Blaine, acostado en su cama, miraba fijamente el techo de la sala del hospital. Una brisa fresca entraba por la ventana próxima y las hojas verdes de un árbol exterior rozaban jugueteando con la pared. Debería ser un árbol obstinado y pertinaz, que se resistiera a perder su verde ropaje, ya que se encontraban en la última época de octubre.
Oyó el apagado rumor de los ruidos que le llegaban desde los corredores, más allá de la sala que ocupaba, mientras el picante olor antiséptico continuaba flotando en el aire circundante. «Tenía que marcharse, pensó, tenía que continuar su camino a toda costa». Pero su camino, ¿hacia dónde? Sólo tenía el que le dirigía hacia Pierre, desde luego, hacia Pierre y Harriet, si Harriet continuaba allí. Pero hallar a Pierre, en sí, era algo sin sentido y que no constituía un propósito determinado. Hasta donde podía imaginar no había en todo aquello propósito alguno. Era sencillamente un lugar a donde dirigir temporalmente su carrera constante, en su huida sin descanso.

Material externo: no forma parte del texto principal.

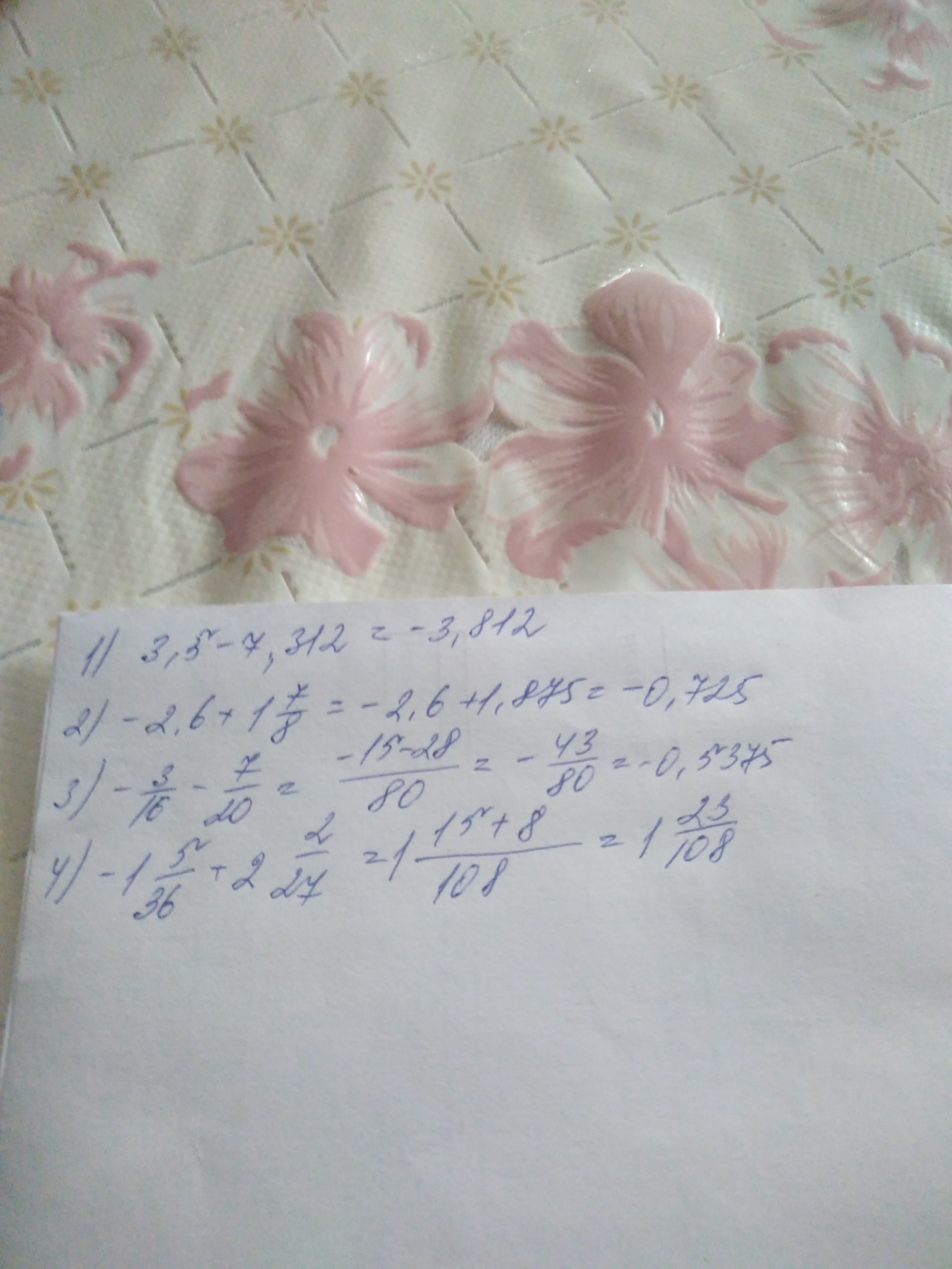 3,5-7,312; -2,6+1 7/8; -3/16-7/20; -1 5/36+2 2/27; решите пожалуйста

En realidad, no hacía otra cosa que huir, huir siempre, en una carrera ciega y desesperada. Se hallaba corriendo, desde el mismo instante en que volvió de su última misión en las estrellas lejanas, allá en el Anzuelo. Y lo peor de todo era que corría y huía sin una finalidad, lo hacía para estar seguro, para escapar a una imaginaria amenaza mortal.
La falta de finalidad también hiere y destroza a un hombre. Hace de él una cosa vacía.
Continuó como estaba y pensando con amargura, otra vez más, si realmente había sido inteligente el haber huido de aquella forma del Anzuelo, si era aquella la cosa que debía de haber hecho. Entonces recordó a Freddy Bates, con su sonrisa hipócrita, la maldad en sus ojos y la pistola en el bolsillo. Y entonces no le cupo duda de que realmente había hecho lo que tenía que hacer.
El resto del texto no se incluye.